UniCourt consistently works to improve search functions to normalize and create common case types, case statuses, entity names, and issues across jurisdictions at the federal and state level. This is no easy task, as most every court system speaks its own language, and not all court systems provide the same level of court data publicly. Streamlining searches by case type also has direct corollaries to the NSMI project. Much like the Legal Service National Technology Assistance Project and other groups, UniCourt is developing methods to make large data sets more effectively interact with machine learning technology to better connect consumers with the resources they need.

As Erika Rickard noted, the access to justice gap involves not a shortage of attorneys, but rather, a challenge in connecting skilled, service-minded attorneys to needy clients.
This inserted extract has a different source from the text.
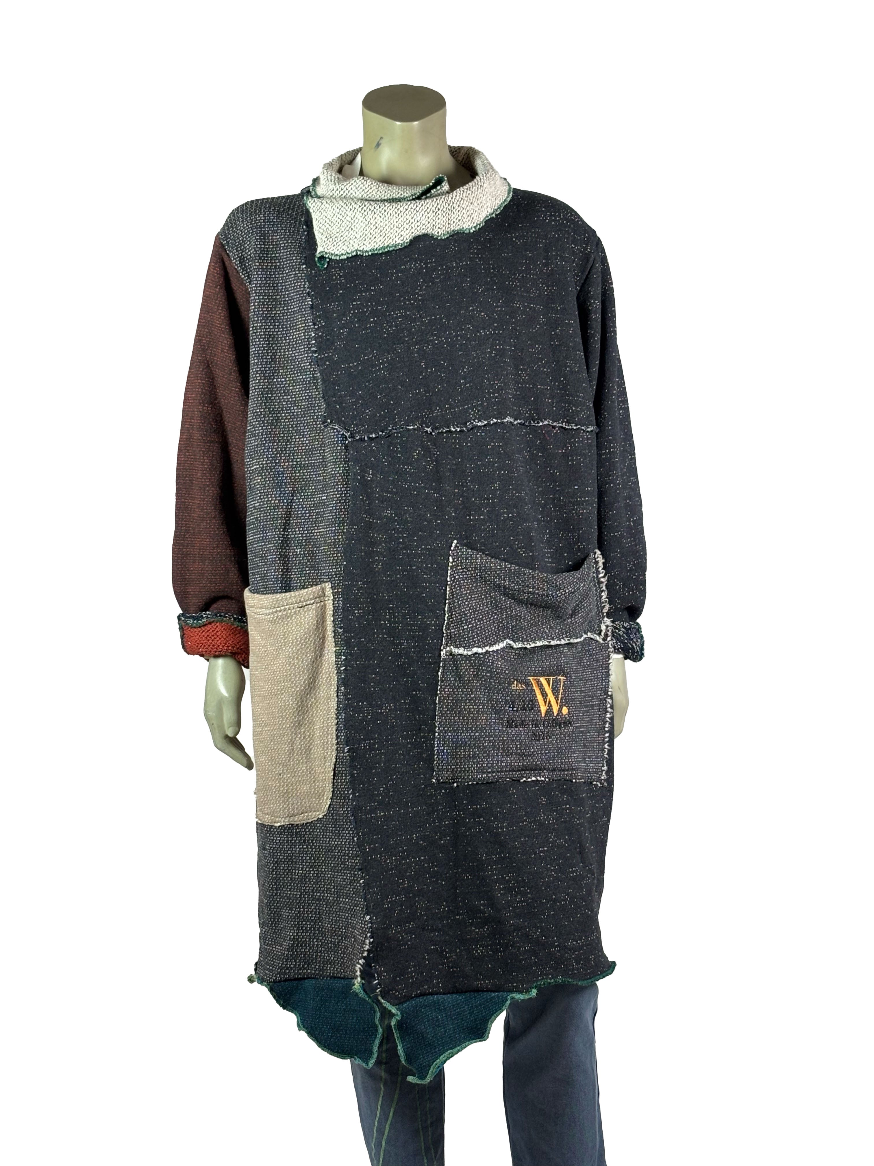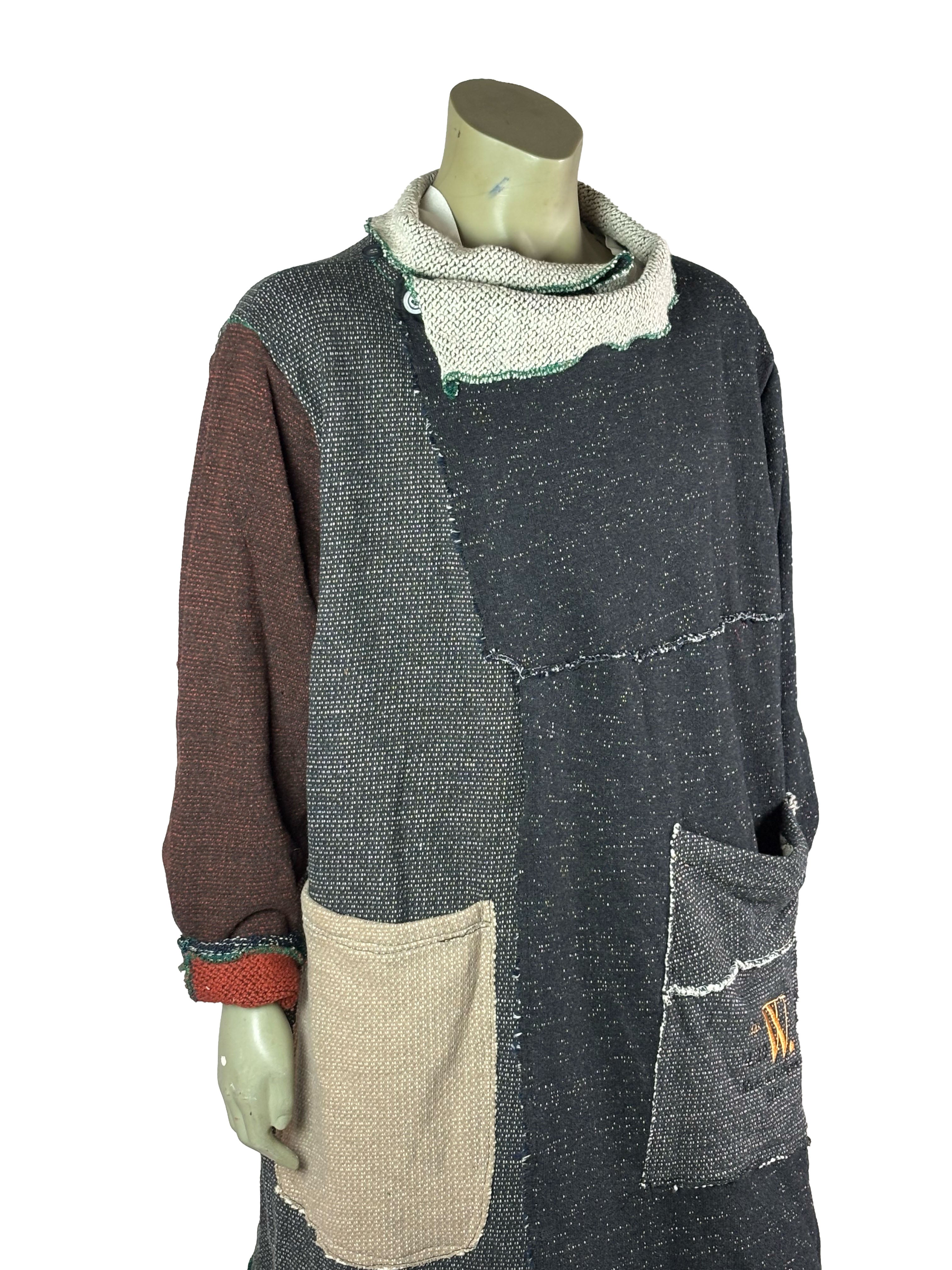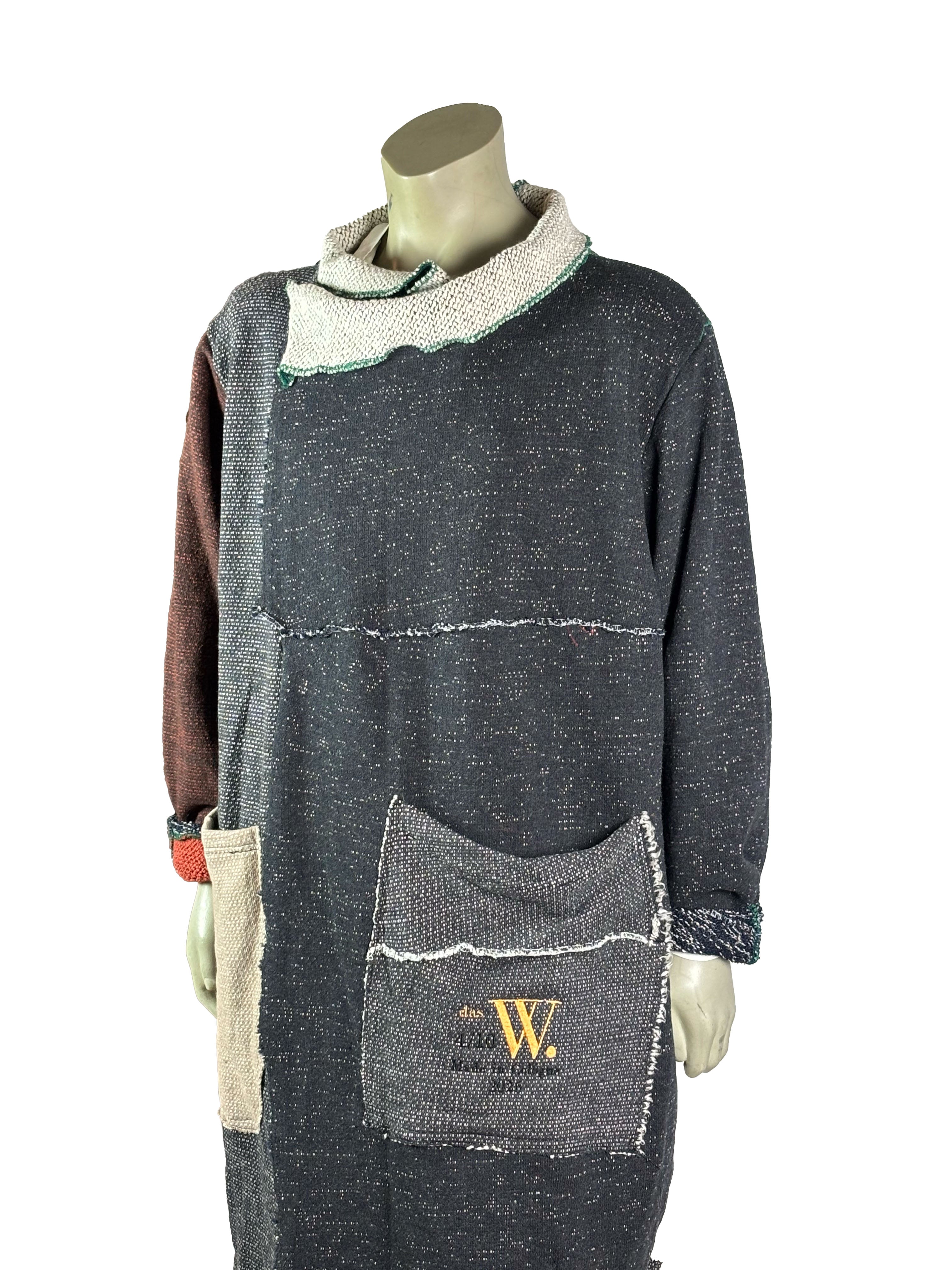 This handcrafted unisex cape from Cologne, Germany is part of a limited 1-of-10 series. Each piece is created through a carefully assembled mix of different fabrics, brought together in a handcrafted process that emphasizes material contrast and construction. Variations in texture, weight and surface are intentionally preserved, resulting in a one-of-a-kind garment with a sculptural, oversized silhouette and a cohesive visual language across the collection.

There are numerous lawyers who are willing and able to do their part to improve access to justice, but their emotional and intellectual capital is wasted if we cannot adequately connect them to the growing client population in need of their help.

With UniCourt, lawyers looking for clients in need of free or affordable access to legal services can search for self-represented parties who are defendants in landlord-tenant cases, collections matters, family disputes, and more. Using UniCourt’s party type search filters, along with case type and jurisdiction filters, lawyers can quickly narrow from tens of thousands of cases in their state, to the most relevant cases at their local courthouse where self-represented litigants are wading through legal issues on their own.

Now imagine this a scale. Legal aid organizations can leverage UniCourt to automate the process of finding and assisting self-represented litigants, by scheduling automated searches on a daily, weekly, or monthly basis to find all pro se parties for specific case types the organizations have mandates to handle. Taking this one step further, if these legal aid organizations have a matter management system, they could also utilize UniCourt’s Legal Data APIs to directly input case information into their systems and receive notifications when new cases fit their criteria. Moreover, if these legal aid organizations have an active registry of pro bono attorneys broken down by practice area, they could then automatically assign new cases to attorneys with the requisite expertise.

UniCourt’s Mission

At UniCourt, we are dedicated to making court records organized, accessible, and useful. We are committed to connecting attorneys, businesses, and consumers to the records they need and enable them to tap into the mountain of court data generated everyday. To that end, we welcome partnerships with nonprofits, state, local, and nationwide legal aid organizations, law school clinics, and others interested closing the access to justice gap.